Red flag symptoms: Hirsutism

The potential causes for this condition are many and varied, writes Dr Lizzie Croton.

Red flag symptoms
  • Pelvic or abdominal mass
  • Excessive virilisation
  • Severe psychological distress

Hirsutism is the excessive growth of thicker, darker hair in women. It grows in an androgen-dependent pattern in areas where hair is usually minimal or absent. This common condition affects 5-10% of women.

Ask the patient about the distribution of hair (masculine pattern) and symptoms of virilism, such as acne, deeper voice, increased libido, menstrual dysfunction, problems conceiving and excessive perspiration.

Examine the skin for excessive terminal hair (thicker hairs usually found on the brows and head). Common sites are the face, chest, linea alba, areolae, buttocks and thighs.

There may be male pattern truncal obesity and temporal hair recession. Pelvic and abdominal examination may yield ovarian or adrenal masses.

Investigations

A high total testosterone concentration and a history of rapid virilisation suggest an androgen-secreting ovarian or adrenal tumour. In polycystic ovary syndrome (PCOS), total testosterone is often normal.
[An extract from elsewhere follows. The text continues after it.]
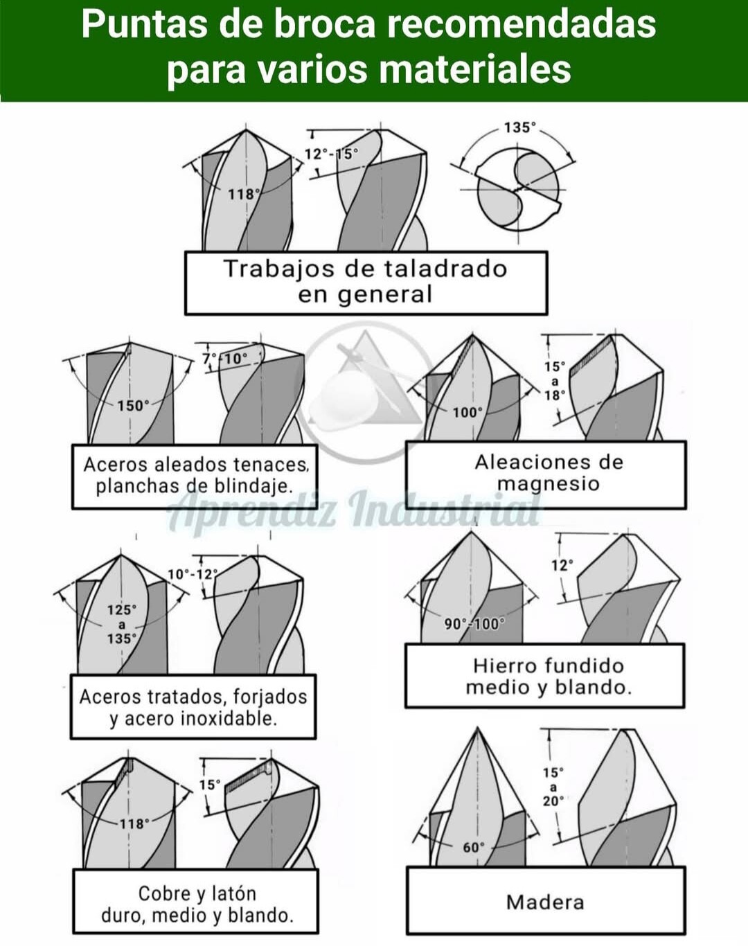 Las brocas se afilan con diferentes ángulos según el material que se perfore,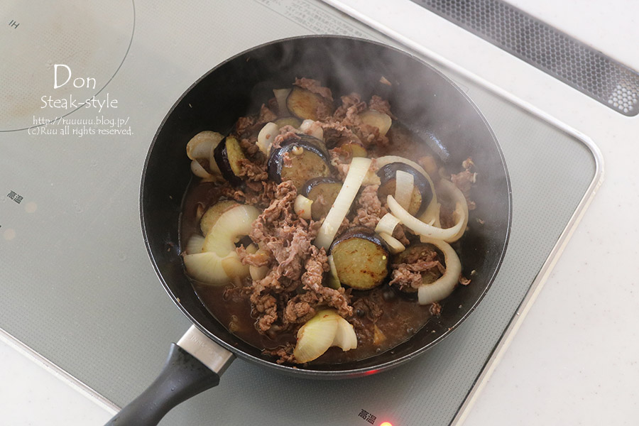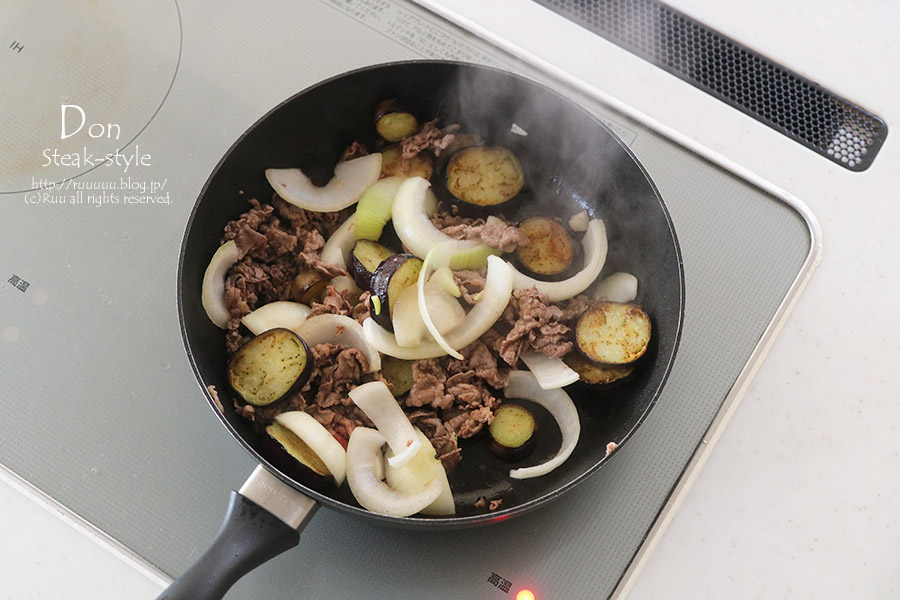 牛小間と茄子のステーキ風丼できあがり。

Women with PCOS often have an increased LH/FSH ratio (>2), but this is not diagnostic for PCOS.

Congenital adrenal hyperplasia (CAH) is investigated by measuring morning 17-hydroxyprogesterone in the first half of the menstrual cycle.

A value of 5nmol/L has a high sensitivity for diagnosis of CAH.

Causes of hirsutism
  • Familial
  • Normal menses
  • Obesity
  • Drug induced
  • PCOS
  • Menopause
  • Androgen-secreting tumour
  • CAH
  • Cushing's syndrome
  • Severe insulin resistance
  • Prolactinoma
  • Hypothyroidism

Management

Treatment for idiopathic hirsutism is unnecessary if the patient is unconcerned about its appearance. Management is directed at underlying causes, such as being overweight.

Topical therapies include depilation, such as waxing/plucking and electrolysis/laser hair removal. Drug therapies include combined oral contraceptives (COCs) with antiandrogenic progesterones, insulin-sensitising agents and low-dose antiandrogens. Response may take up to 18 months.

GnRH agonists can be used second line in women unable to tolerate COCs. Eflornithine may be tried if COCs are contraindicated or unsuccessful. It should be discontinued if no benefit is seen in four months.

Indications for referral are severe hirsutism or hair growth exhibiting rapid progression, serum testosterone or prolactin more than twice the upper limit of normal, and suspicion of ovarian or adrenal tumour.